App-layer cryptographic primitives for secure storage of user data

Background

Since SlashID’s inception, our goal has been to give developers a secure way to store user data without hosting it on their own internal infrastructure or worrying about how to do cryptography right.

Furthermore, the regulatory environment around user data was becoming increasingly strict, so we aimed to build a data storage engine that was not only safe but also complied by design with data protection and localization regulations mandated by various jurisdictions.

Given our premises, we had a number of requirements for our data encryption layer:

• Database-agnostic
• Serverless
• Handles encryption and data localization transparently
• Hardware-based root of trust to implement crypto-anchoring and avoid mass data exfiltration
• Data can be either globally replicated or localized to an individual region
• Compliance with GDPR and similar regulations by (i) keeping an audit log of data access requests and (ii) using crypto-shredding to service data deletion requests
• No noticeable latency for the end user
• Ability to perform encrypted searches with equality

In the following sections we’ll describe the architecture of our storage encryption layer and the primitives used to build it.

A better Developer Experience

We are engineers first and foremost and it was important for us to build a product developers genuinely want to use because it simplifies their day to day job. In the context of authentication and identity management, this translates into building a platform that allows developers to stop spending cycles to implement and worry about encryption, data localization or key management and rotation.

From the outside, SlashID’s interface looks like a standard REST API, coupled with a set of SDKs, both client-side and server-side, that together allow developers to store and retrieve users and their associated data.

For instance, this is a code snippet that shows how to register/sign-in an user and how to store and retrieve encrypted attributes using our client-side JavaScript SDK:

var sid = new slashid.SlashID()
…
const user = await sid.id(
   Organization_ID,
   {
       type: "phone_number",
       value: "+13337777777"
   },
   {
       method: "webauthn"
   }
)
…
await user.set({"attr1": "value1"})

const attrs = await user.get()
// => attrs === {"attr1": "value1", …}

In the example above, we are registering/logging in a user by the phone number +13337777777 as handle, and using webauthn as the authentication method.
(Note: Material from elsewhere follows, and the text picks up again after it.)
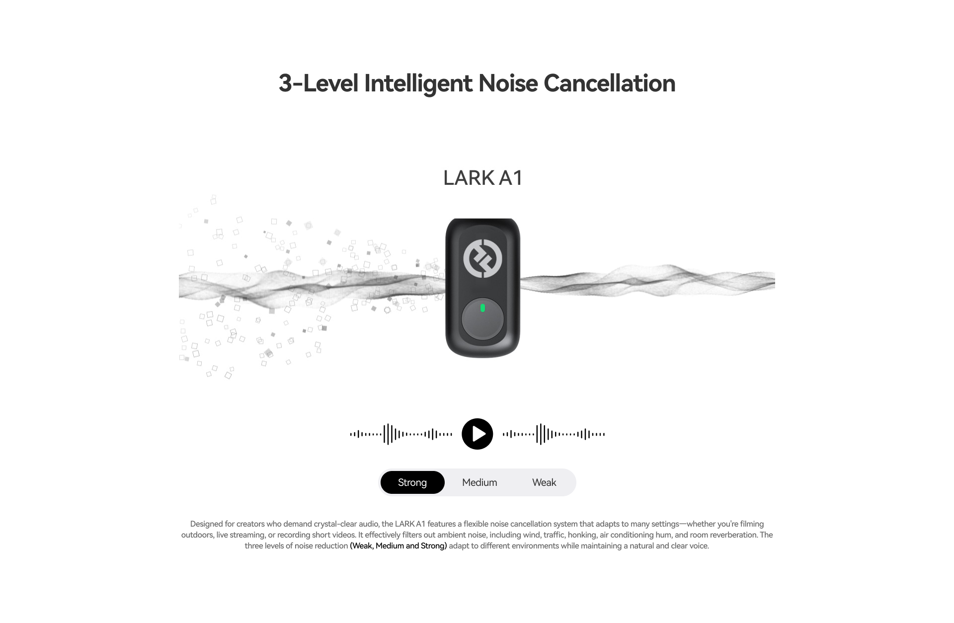 LARK A1 là giải pháp micro không dây chuyên dụng dành cho smartphone, mang lại khả năng ghi âm chất lượng cao 48kHz/24-bit với thao tác cắm-và-dùng đơn giản. Âm thanh trong trẻo, sắc nét từng chi tiết, kết hợp công nghệ khử nhiễu thông minh 3 cấp độ giúp loại bỏ tiếng ồn môi trường như gió, xe cộ, hay tiếng điều hòa.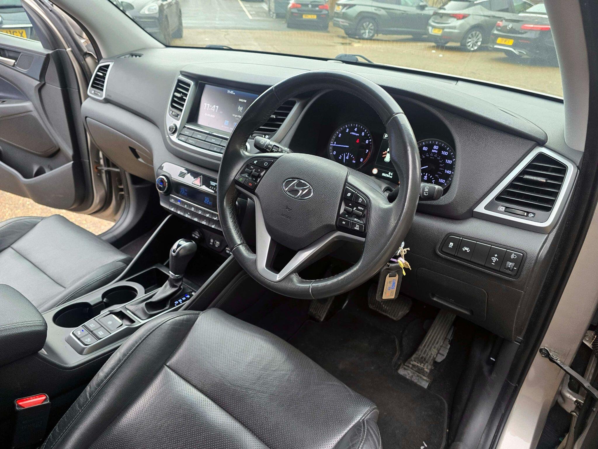 This 2018 Hyundai TUCSON T-GDi Sport Edition boasts a full service history, offering peace of mind alongside its impressive features. This Euro 6 compliant 1.6 litre petrol model comes with a 3 month warranty and a 12 month MOT provided on purchase. Inside, you'll find a spacious cabin equipped with dual zone climate control with ioniser, heated rear seats for added comfort, and an 8 inch touchscreen satellite navigation system complete with traffic messaging and a reversing camera. Bluetooth connectivity is also included, making it easy to stay connected on the go. The TUCSON T-GDi Sport Edition offers a compelling driving experience, accelerating from 0 to 62mph in just 8.9 seconds, demonstrating its responsive performance. Its large boot space provides ample room for luggage or shopping, making it a practical choice for families or those who need extra capacity. Furthermore, this model benefits from a low insurance group, indicating that running costs are likely to be more affordable compared to similar vehicles. Front and rear parking sensors are also fitted, aiding manoeuvrability in tight spaces. -

By default, if the user connected to the website from Lisbon their data would be automatically stored in the EU, if they connected from New York the data would be stored in the US - you can override that choice in the id() call.

Calling set on a user creates a new attribute in our Data Vault module. When that happens an attribute-specific key is generated and is used to encrypt value1. The key is itself encrypted with a user-specific key generated at user-creation time.

Calling get on a user allows you to retrieve one or more attributes associated with the user. The attributes are decrypted and returned in clear-text to the caller.

Note how, throughout the example, you don't have to worry about encryption nor data localization and the user data never touches your own infrastructure.

Overall architecture

We made the decision that our encryption layer would be database-agnostic. This was done because we want the possibility to expand datastore coverage beyond our current database if needed.

Some data structures in our architecture are encrypted and globally replicated while others are encrypted but localized to a specific region.

We make extensive use of envelope encryption. Our chain of trust forms a tree as depicted below, each child key is encrypted with the parent key.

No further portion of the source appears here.